# Exterior Window Caulking



## Amitabh (Oct 21, 2010)

Hello All

I am a new homeowner and the house that we bought has cracks all throughout the caulking (see pictures) surrounding the all the windows.

I bought QUAD exterior caulking (its flexible) to caulk, however i did not apply it over the existing crack, rather I stripped away the existing caulk (or what i believed to be caulking, see pic). When I finally removed all caulking around one of the windows, there was roughly 1/4" to 1/8" gap between the window and brick wall. And behind, there was no insulation (unfortunately, no pic).

1. Did i do the right thing by removing the existing caulking (see pic).
2. Should i just apply the QUAD caulking over the existing caulking if that was wrong.
3. Should i fill the gap with foam insulation spray and then caulk over the gap.

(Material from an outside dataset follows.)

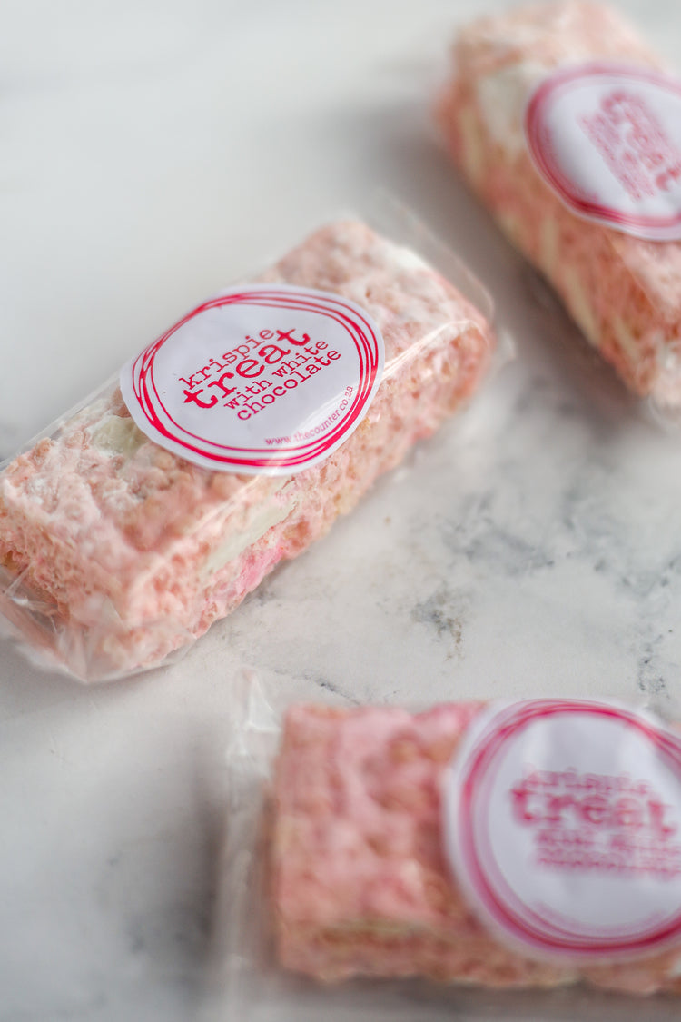 Those old school Rice Krispie Treats your mom used to make for you? Yup - those. But better. Packed with couverture white chocolate drops, they're chewy and creamy at the same time and just the epitome of nostalgia.

I have at least 5 more windows to complete, i have already removed all the pre-existing caulking from one, insulated (with foam) and caulked with QUAD


----------



## joecaption (Nov 30, 2011)

I'd measure the distance from the edge of the window jamb to the brick and see if there would have been room to install brick moulding.
Sure would have looked better then all that caulking.
There's a chance that using even low expanding foam it may bow the frame and make the windows stick.
If I did use one I'd use Dap latex foam.


----------



## Amitabh (Oct 21, 2010)

Thanx joe for the reply.

i am concerned about the insulation (and am using a low expansion foam made for windows and doors). But i am concerned about chipping away at the pre-existing "caulking" is that really caulking and should i just apply over it.

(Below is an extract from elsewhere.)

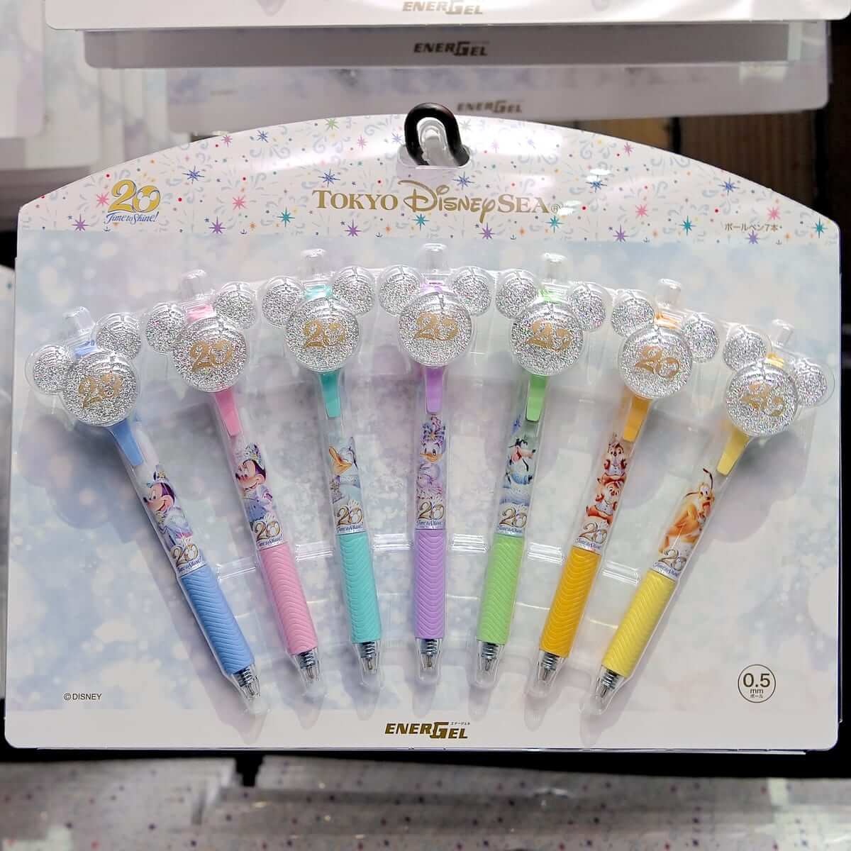 20周年のキラキラマスコットが付いたボールペン7本セット。
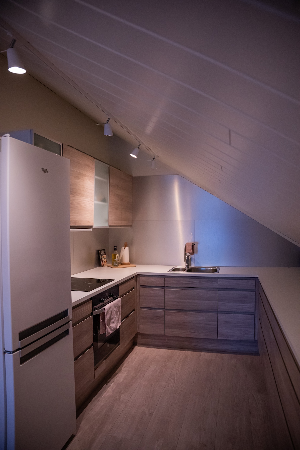 Here you live centrally in the middle of a private park right by the sea. Short distance to most things, reindeer and northern lights can also be found here. Bus stop, supermarket, pizza restaurant and 24-hour kiosk are only 2-300 meters from the apartment.

Or should it be removed completely and new caulking be applied.


----------



## HomeSealed (Jan 3, 2008)

Remove all of the existing caulking. If the gap is over 1/8" and up to 1/4" or more, carefully fill it first with either low-expansion, closed cell foam (latex is garbage), or backer rod, then caulk. The Quad is a good choice. If I could give you one piece of advice on using it: PRACTICE! Quad is a professional grade sealant and is meant to be applied by people that know what they are doing. It does not tool very easily. It is actually lays a really nice bead, but very difficult and messy if you need to try to fix it after the fact.


----------



## Windows on Wash (Aug 30, 2011)

+1

And have mineral spirits around to help with clean up.

Make sure you seal up those sills as well with some sort of mortar sealant.


----------



## Amitabh (Oct 21, 2010)

So i was right to remove what i believed to be caulking, whew. Thank you very much.

i will work on removing the rock like caulking and fill the gap with backer foam or low expansion window foam and then caulk over with QUAD.

thank you for your help on this.

btw, As i should have practiced using the caulking, how do i remove unnecessary caulking marks or sloppy application.


----------



## huesmann (Aug 18, 2011)

I believe that's where the mineral spirits come in.


----------



## kwikfishron (Mar 11, 2010)

Those $4-5 caulking guns are junk. Do yourself a favor and buy a decent gun. The 15-18 dollar range should do it.


----------